▸ Record extracts
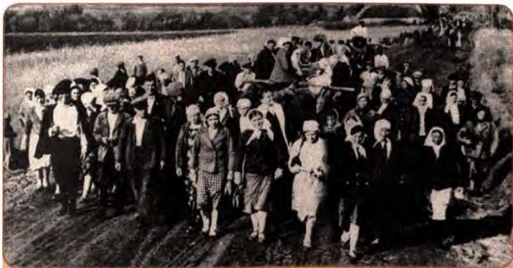
Відправлення радянських громадян на примусові роботи до Німеччини. Черкащина. 1942 р.

цевого населення, які виявили бажання співпрацювати з окупантами: бургомістри в містах, голови в районах, старости в селах, допоміжна поліція, добровольчі військові з'єднання і т.д. Серед жителів України була певна частина антирадянськи налаштованих людей, які без вагань погоджувалися служити окупантам. У сучасній науці співробітництво з нацистською Німеччиною і її союзниками називається колабораціонізмом (від франц. – співробітництво ).
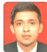
Shantanu Country Inn Suits
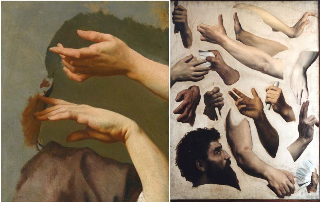
Метод тоновой подкладки с последующей лессировкой
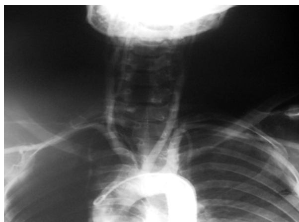
شکل- ۴: نمای آنژیوگرافی قوس آئورت و عروق کاروتید

▸ Work order
All lines after and including the one with "Метод тоновой подкладки", through the end of the entries above, should be output exactly and by themselves. The pictures are to be left out.

▸ Exercise answer
Метод тоновой подкладки с последующей лессировкой
شکل- ۴: نمای آنژیوگرافی قوس آئورت و عروق کاروتید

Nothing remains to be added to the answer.